Catherine Putz
New reporting from the Wall Street Journal suggests that in June, when U.S. President Joe Biden and Russian President Vladimir Putin met in Geneva, even as Russia was cautioning Central Asian states against hosting U.S. forces the Russian president aired the possibility of hosting U.S. forces at Russian bases in the region. The problem is that it’s not at all clear if it was a serious offer.
According to a new Wall Street Journal report, last week U.S. Joint Chiefs Chairman Gen. Mark Milley discussed the offer with his Russian counterpart, Chief of General Staff Valery Gerasimov, when the two met in Helsinki.
The WSJ cites the Russian newspaper Kommersant and U.S. officials in reporting that Putin “floated the idea of hosting U.S. military personnel on Russian bases” in his June meeting with Biden. According to the WSJ, staff on the U.S. National Security Committee were not certain if the offer was genuine and asked “Milley to clarify whether Mr. Putin was simply making a debating point or was hinting at a serious offer.”
Per the WSJ, Gerasimov was “noncommittal.” A U.S. readout of the meeting offer no details and simply states, “In accordance with past practice, both have agreed to keep the specific details of their conversation private.”
Russia has several military facilities in Central Asia dating back to the Soviet period. The most relevant in this particular discussion are the Kant Air Base located east of the Kyrgyz capital, Bishkek, and the several facilities collectively known as the 201st Military Base in Tajikistan (based mostly in Dushanbe and Bokhtar). The 201st Military Base in Tajikistan is said to be Russia’s largest external military facility, with around 7,000 troops.
In July, a month after Putin’s meeting with Biden, Russian Deputy Foreign Minister Sergei Ryabkov was telling media that the Russian president had conveyed the message that Moscow did not want U.S. forces being redeployed to Central Asia.
“I would emphasize that the redeployment of the American permanent military presence to the countries neighboring Afghanistan is unacceptable,” Ryabkov said. “We told the Americans in a direct and straightforward way that it would change a lot of things not only in our perceptions of what’s going on in that important region, but also in our relations with the United States.”
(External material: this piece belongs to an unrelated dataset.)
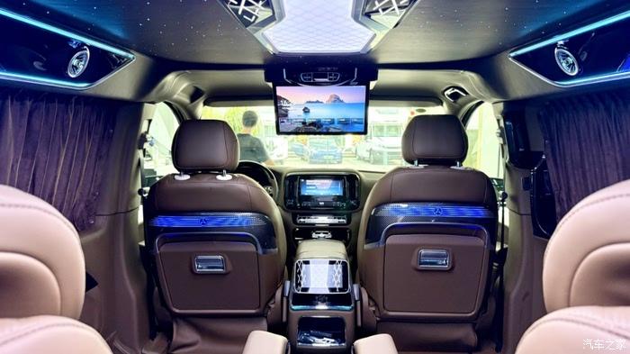 中排两张独立的航空座椅,无疑是车内的亮点之一。它们不仅具备多项智能调节功能,如通风、加热、按摩、腿托、腰托等,还支持零重力模式和360度旋转。在长途旅行中,乘客只需轻轻按下按钮,就能将座椅调整到最舒适的状态,享受如同头等舱般的舒适体验。座椅之间的过道宽敞,方便乘客自由走动,不会有丝毫的局促感。座椅表面的摩卡棕真皮材质,经过特殊处理,不仅触感更加柔软,还具有出色的耐磨性和透气性,即使长时间乘坐也不会感到闷热。

Ryabkov added that Russia had made similar warnings to Central Asia. “We cautioned them against such steps, and we also have had a frank talk on the subject with our Central Asian allies, neighbors and friends and also other countries in the region that would be directly affected.”
This makes the news that Putin may have offered Russian bases instead particularly intriguing, especially as the U.S. seeks a foothold in the region following the exit from Afghanistan.
Whether Putin’s suggestion was genuine or a quip is, of course, critical. But in both cases, it positions Russia as the door through which the United States must pass to access the Central Asian region — despite 30 years of Central Asian independence — even if only in jest. If anything, it reinforces a long-running cliché that projects Central Asia as little more than a “Russian backyard.”
A U.S. official speaking to the WSJ seemed to confirm that. “We will pursue our own policies based on our own objectives,” the official said, but then added: “The reality is Russia is an element of the equation in the region and so we are engaging with them.”
One cannot dismiss Russia from the Central Asian equation, but we should also take care not to dismiss the Central Asian states themselves. Tajikistan, for example, has taken a different (although evolving) line from its neighbors with regard to the Taliban in Afghanistan, which in theory could make it a possible partner for the United States. Uzbekistan might be a technically more capable partner than Tajikistan, but has a narrower path to tread between its diplomatic acceptance of the Taliban and its continued efforts to engage with the United States on regional initiatives.